- _Work instructions_
Only the lines below from the one containing "fabrication of lipid" through the one containing "Bốn trong năm" belong in the answer, set down exactly, with the pictures left out.

-------- Records provided --------

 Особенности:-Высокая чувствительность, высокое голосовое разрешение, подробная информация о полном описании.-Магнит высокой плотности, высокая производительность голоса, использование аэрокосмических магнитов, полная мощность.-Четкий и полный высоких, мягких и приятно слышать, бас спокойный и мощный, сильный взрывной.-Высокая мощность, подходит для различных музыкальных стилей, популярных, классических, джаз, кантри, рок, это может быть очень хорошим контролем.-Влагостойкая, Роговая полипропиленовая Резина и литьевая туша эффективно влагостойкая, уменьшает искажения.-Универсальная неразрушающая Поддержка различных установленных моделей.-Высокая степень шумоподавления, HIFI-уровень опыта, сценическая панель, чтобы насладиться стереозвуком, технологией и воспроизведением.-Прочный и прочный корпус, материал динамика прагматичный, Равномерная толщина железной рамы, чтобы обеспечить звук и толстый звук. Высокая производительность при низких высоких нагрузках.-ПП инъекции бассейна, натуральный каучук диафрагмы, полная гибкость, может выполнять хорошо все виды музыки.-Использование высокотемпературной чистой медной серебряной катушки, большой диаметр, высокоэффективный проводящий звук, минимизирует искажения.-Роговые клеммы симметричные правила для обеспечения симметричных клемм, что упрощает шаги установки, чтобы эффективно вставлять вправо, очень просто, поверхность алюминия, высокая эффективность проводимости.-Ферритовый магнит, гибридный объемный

--------
-------- Records provided --------

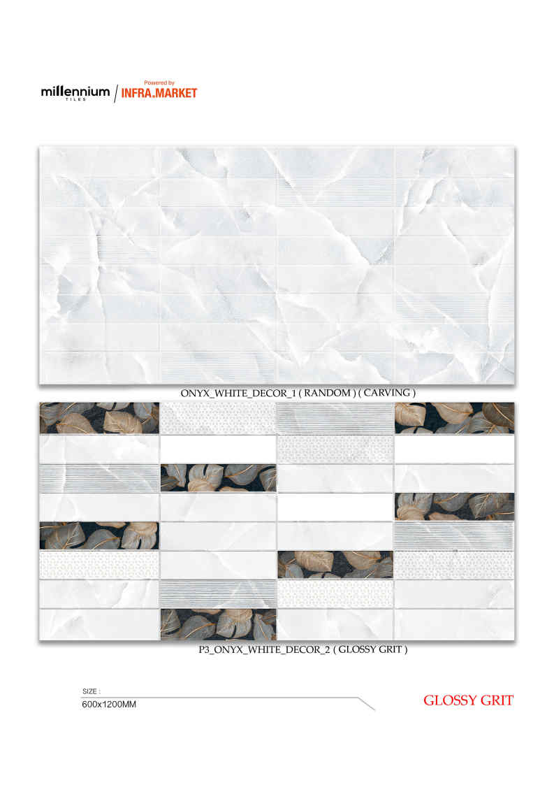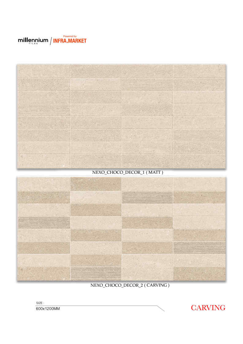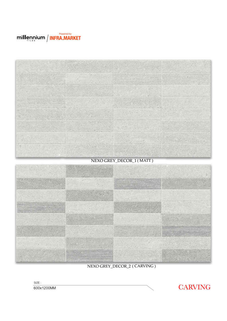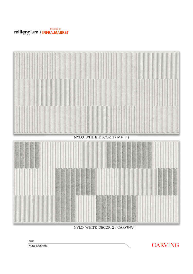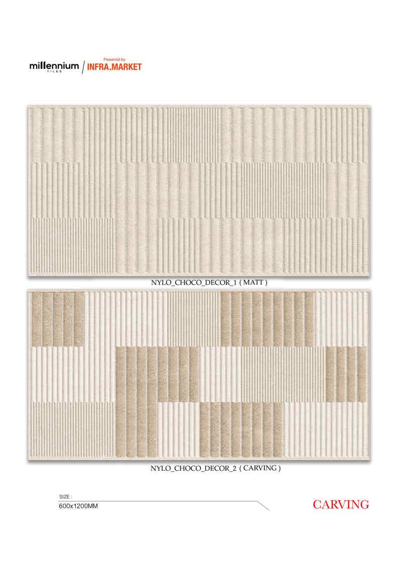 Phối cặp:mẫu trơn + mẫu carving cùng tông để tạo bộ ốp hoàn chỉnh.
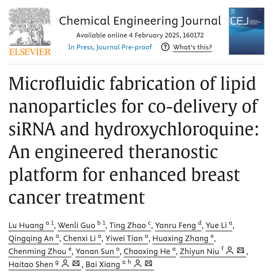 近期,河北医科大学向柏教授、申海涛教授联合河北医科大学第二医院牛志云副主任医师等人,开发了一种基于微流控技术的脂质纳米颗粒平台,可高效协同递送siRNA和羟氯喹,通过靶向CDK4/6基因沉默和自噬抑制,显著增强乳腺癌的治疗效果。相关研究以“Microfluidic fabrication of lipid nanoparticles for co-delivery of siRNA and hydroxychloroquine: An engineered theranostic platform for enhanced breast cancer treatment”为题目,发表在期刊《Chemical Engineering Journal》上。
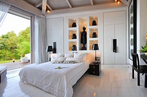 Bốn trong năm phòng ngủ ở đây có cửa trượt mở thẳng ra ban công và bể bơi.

--------
-------- Records provided --------

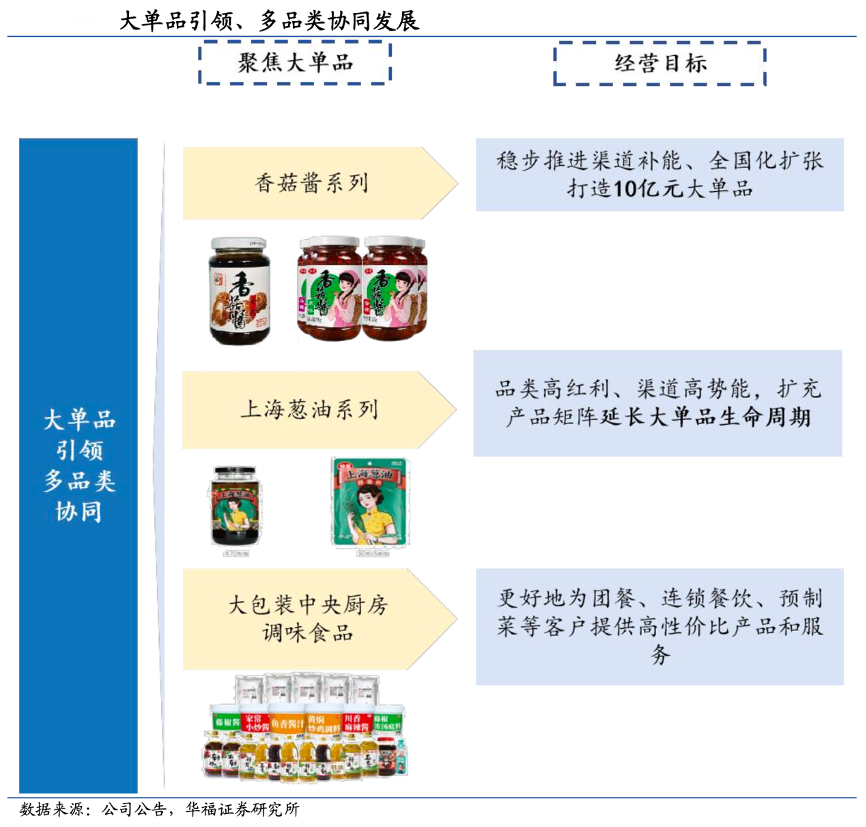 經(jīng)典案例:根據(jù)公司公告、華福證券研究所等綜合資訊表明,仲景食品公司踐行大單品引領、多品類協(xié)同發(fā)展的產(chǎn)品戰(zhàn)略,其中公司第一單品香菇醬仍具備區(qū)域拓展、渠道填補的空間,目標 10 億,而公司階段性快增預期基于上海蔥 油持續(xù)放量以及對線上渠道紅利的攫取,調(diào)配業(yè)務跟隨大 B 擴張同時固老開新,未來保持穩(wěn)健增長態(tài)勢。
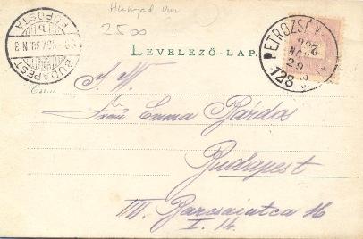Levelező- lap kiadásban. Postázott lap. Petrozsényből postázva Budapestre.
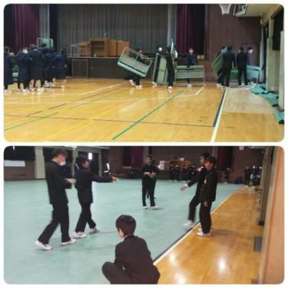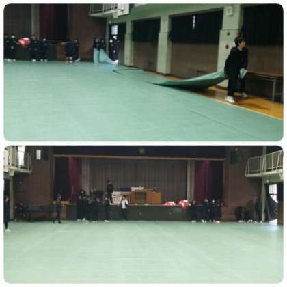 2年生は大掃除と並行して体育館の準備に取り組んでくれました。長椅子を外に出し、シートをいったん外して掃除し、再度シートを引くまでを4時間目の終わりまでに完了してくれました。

--------

- _Your solution_
 近期,河北医科大学向柏教授、申海涛教授联合河北医科大学第二医院牛志云副主任医师等人,开发了一种基于微流控技术的脂质纳米颗粒平台,可高效协同递送siRNA和羟氯喹,通过靶向CDK4/6基因沉默和自噬抑制,显著增强乳腺癌的治疗效果。相关研究以“Microfluidic fabrication of lipid nanoparticles for co-delivery of siRNA and hydroxychloroquine: An engineered theranostic platform for enhanced breast cancer treatment”为题目,发表在期刊《Chemical Engineering Journal》上。
 Bốn trong năm phòng ngủ ở đây có cửa trượt mở thẳng ra ban công và bể bơi.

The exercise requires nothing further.